# Transition from textured plaster to new drywall in basement stairwell?



## Dustball (Jul 7, 2006)

Does anyone have any pictures or ideas for transitioning from an existing sand/grit textured plaster wall to new sheetrock directly below for a new basement stairwell?

Here's a pic before the framing and new stairs went up. You can see where the existing textured wall stops at the I-beam. That I-beam on the right is a PITA to deal with. Basically the stairwell is already at 36" and I can't overlay the edges of the beam or I'll end up too narrow.

Thanks,
Dustin


----------



## MVH (Jun 24, 2007)

Back up in New England, all we did was use a 1x2 in the transition. Not too many basements down here, although some of the higher end homes are starting to have them.

Mike


----------



## neolitic (Apr 20, 2006)

Have used a heavy base molding
with a routed "bead" or ogee profile
on the bottom edge.
If you have a problem with the beam
it would help to see a pic that's looking 
straight down the length of the beam.


----------



## Dustball (Jul 7, 2006)

I thought about the band around the perimeter but that would reduce the width of the stairwell at that point and I don't know if the inspector would approve of it.

I don't have an in-line picture but I threw together a quick sketch to show it. I screwed a piece of 1-3/4" LSL lumber I had laying around to the beam to act as a backer for the sheetrock. It's the right thickness at the bottom edge but it sticks out too far at the top edge due to the beam tilt so I'll have to shave it down enough to get the sheetrock to sit flush with the plaster.


----------



## neolitic (Apr 20, 2006)

Somebody correct me if I'm wrong
(and I'm sure they will)
but I think the minimum 36" is
on frame, 35" finish.
Long time since I've looked
I usually go for minimum 38" 
on frame.


----------



## Mike Finley (Apr 28, 2004)

Variance.


----------



## Dustball (Jul 7, 2006)

neolitic said:


> Somebody correct me if I'm wrong
> (and I'm sure they will)
> but I think the minimum 36" is
> on frame, 35" finish.
> ...


I'm going by the IRC-



> R311.5.1 Width.
> Stairways shall not be less than 36 inches (914 mm) in
> clear width at all points above the permitted handrail
> height and below the required headroom height.


Visual guides on the right side.
http://www.stairways.org/codes_standards.htm


----------



## neolitic (Apr 20, 2006)

Only you know your inspector,
but code being code,
I'd say sand and taper the plaster.
Then mesh tape and durabond.
Try posting in drywall see if they
have any clever tricks.
I'd proly jus' use sand tex paint
on the new and try for a blend.


----------



## Jason Whipple (Dec 22, 2007)

See below


----------



## Jason Whipple (Dec 22, 2007)

looked again, can't do that:blush:


----------



## Cole (Aug 27, 2004)

What's up Jason, what are you trying to accomplish?

I may be able to help.


----------



## Jason Whipple (Dec 22, 2007)

Sorry, I'm guilty of a hasty post:hang: I don't think you can do more than infill the I beam and tape it because of the minimum clearance already existing from beam to beam.

Add: You could also cut away the bottom of the upper wall at the height of the landing and replace it with a 1/2" board so that the lower section could be flat taped to it and break up the difference in textures between the two walls.


----------



## Dustball (Jul 7, 2006)

I'll be scheduling an inspection this week- maybe the inspector will say something, maybe he won't.
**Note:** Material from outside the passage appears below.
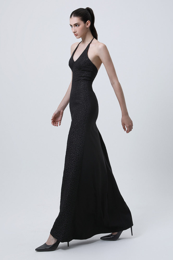 Criss-cross Trumpet Halter Neck Brocade Maxi Dress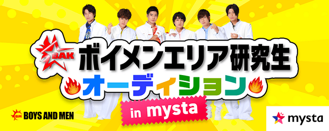 未来のスターを応援するオーディションアプリ『mysta』を運営するmysta株式会社(本社:東京都 港区、代表取締役CEO: 高橋秋仁、以下 mysta)は、東海エリアを拠点に全国にて活躍しているエンターテイメントグループ「BOYS AND MEN」(通称:ボイメン)の弟分のグループ“ボイメンエリア研究生”のオーディションを2023年11月3日(金)より開催いたします。

Searching Google for pics of stairwells and trim turns up nothing for me.


----------



## kevjob (Aug 14, 2006)

ask the building dept planner he or she will tell you if it requires a modification review from building dept.


----------



## Patrick (Apr 12, 2006)

Perhaps molding could be added ------------------------- Later:whistling

Actually how would you even fit a handrail?


----------



## Mike Finley (Apr 28, 2004)

Out of the 8 different building depts I deal with I can't imagine a single one that would spend more than 30 seconds on this issue before stamping the permit and saying go for it. At worst it would be 3 minute delay as they take the plans into the back room to talk to the dept head and get his sign off on 1/2 of an inch.

Most building depts are about helping people improve their homes, not being caught up over a 1/2 inch in a stair way.

Just take the thing into your building dept and get a variance.

The fastest path to getting it stamped is the simple "what would you suggest?" question. Old homes have lots of non-conforming issues and building depts know this and have to work with them. The smart ones know that the alternative is somebody doing whatever they want without pulling a permit. Most figure it's better to work with somebody pulling a permit.


----------



## AtlanticWBConst (Mar 29, 2006)

As far as making the transition itself. We usually, just scrape, and skim-coat the upper, existing textured walls smooth, to match the new work. It always comes out just fine. 

Only a few times, have we been asked by the HO to just do a transition of somekind (they didn't want to spend the money to skim-coat).

Here's a few pictures of a "basic-budget" transition:


----------



## Dustball (Jul 7, 2006)

Update to my thread, finished the basement remodel today. I ended up using oak chair rail as the transition. Inspector didn't have a problem with it.


----------